Metal–organic frameworks (MOFs), crystalline coordination polymers constructed from metal ions (or clusters) and organic ligands, have emerged as a highly versatile class of porous materials due to their well-defined pore architectures, large surface areas, and tunable chemical functionalities. Unlike conventional porous supports such as silica gels or polymeric resins, MOFs can be rationally designed at the molecular level, allowing precise control over pore size, geometry, and surface chemistry. Owing to these features, MOFs have been widely studied for applications in gas adsorption and separation, catalysis, sensing, and, more recently, as functional stationary phases in liquid chromatography.

In high-performance liquid chromatography (HPLC), the utilization of MOFs as stationary phases offers an opportunity to introduce molecular-recognition capability into separation media. However, several challenges hinder their practical use. When crystalline MOF particles are packed into columns, heterogeneity in particle size and morphology, poor packing density, and irregular flow channels lead to nonuniform flow distribution, increasing back pressure and decreasing separation efficiency. ,,, In addition, the fundamental mechanisms of analyte retention in MOF-based stationary phases are still insufficiently understood. Multiple factors, such as pore accessibility, π–π stacking, hydrogen bonding, dipole–dipole interactions, and framework flexibility, can contribute to retention, but their relative roles remain unclear. ,

Among various MOFs, a subnanoporous [Zn2(1,4-ndc)2 ted] n framework (hereafter referred to as Zn-NDC; ndc = 1,4-naphthalenedicarboxylate, ted = triethylenediamine) has attracted particular attention. Uemura and co-workers demonstrated that Zn-NDC can discriminate poly­(ethylene glycol) (PEG) chains based on subtle differences in their terminal structures and polarities through selective insertion into the nanochannels. This finding opened the possibility of using Zn-NDC as a stationary phase capable of precise molecular recognition. Most recently, Matsubara et al. reported the fabrication of Zn-NDC-based separation columns and demonstrated molecular recognition for linear polymers with closely related terminal structures. These works underline the potential of Zn-NDC as a tunable, selective stationary phase for a polymer and small-molecule separations in HPLC.

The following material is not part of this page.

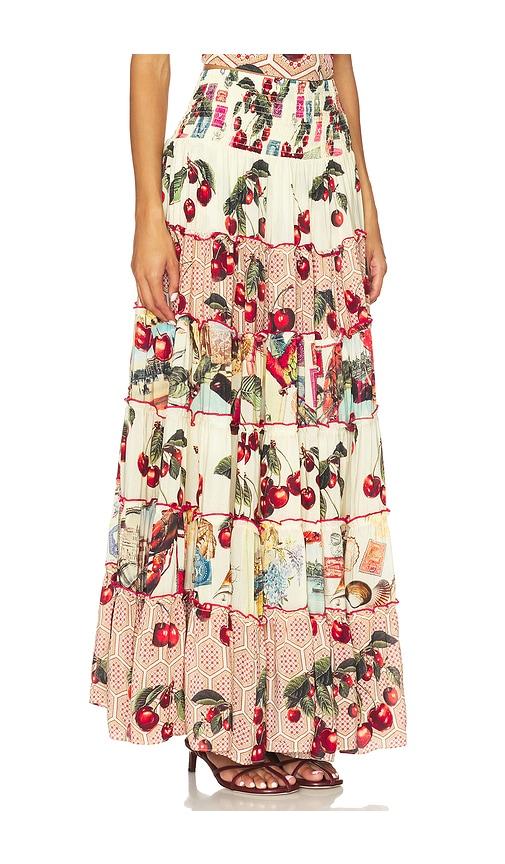 CAMILLA SHIRRED WAIST TIERED CIRCLE SKIRT IN CREAM.
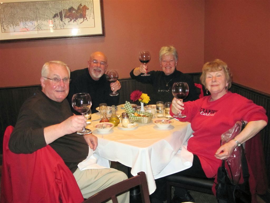 As usual (well, most of the time), we capped off the season with Bob and Viv at Vescio’s (they’ve remodeled the downstairs bathrooms!) in Dinkytown – a several block walk from the Arena and we were soaked puppies by the time we got there. Nothing like a fine Chianti to warm the cockles of our hearts.

Nevertheless, the use of MOF crystalline particles in packed columns still limits chromatographic efficiency due to nonuniform flow and mass-transfer resistance. Recent mechanistic studies, such as those by Torimoto et al., have identified intraparticle diffusion and subnanopore diffusion as key factors governing band broadening in MOF-based HPLC columns. , This mechanistic understanding suggests that improving transport pathways, for example, by integrating MOFs with a continuous porous substrate, could significantly enhance the performance.

Silica monolithic columns offer such an architectural advantage. Unlike packed beds, monolithic silica columns consist of a continuous porous rod featuring interconnected macropores and mesopores, which enable high permeability, low back pressure, and efficient mass transport. The combination of MOFs and silica monoliths has recently been proposed as a hybrid approach to overcome particle-packing heterogeneity while maintaining molecular selectivity. ,

In this study, we developed a Zn-NDC-modified silica monolithic column (hereafter denoted as an MOF-monolith column) by immobilizing the MOF onto a tertiary amine-functionalized silica substrate. The resulting hybrid column was evaluated in HPLC using C18 fatty acid methyl esters as analytes. We compared its retention and peak profiles with those obtained from a conventional packed-bed MOF column containing bulk Zn-NDC particles. We hypothesized that the monolithic support modifies flow and mass-transport properties, leading to an enhancement of separation efficiency and distinct retention behavior. Our results contribute to understanding how a substrate architecture affects MOF–analyte interactions and provide design guidelines for high-performance MOF–silica hybrid stationary phases.

2. Materials and Methods

2.1. Fabrication of MOF-Modified Silica Monolithic Columns

Before the preparation of MOF-modified silica monolithic columns, the bulk-type monolith was prepared and modified following Scheme . The prepared monoliths were evaluated with X-ray powder diffraction (XRPD) and scanning electron microscope energy dispersive X-ray spectroscopy (SEM-EDX). MOF-modified silica monolithic columns were fabricated by flowing the MOF precursor solution after commercially available silica monolithic capillary columns were modified with tertiary amines using the same procedure described in Scheme . Silica monolithic capillaries were purchased from Shinwa Chemical Co. (Kyoto, Japan). The length of the original column was approximately 700 mm, and we cut the column by hand to test the effects of modifications.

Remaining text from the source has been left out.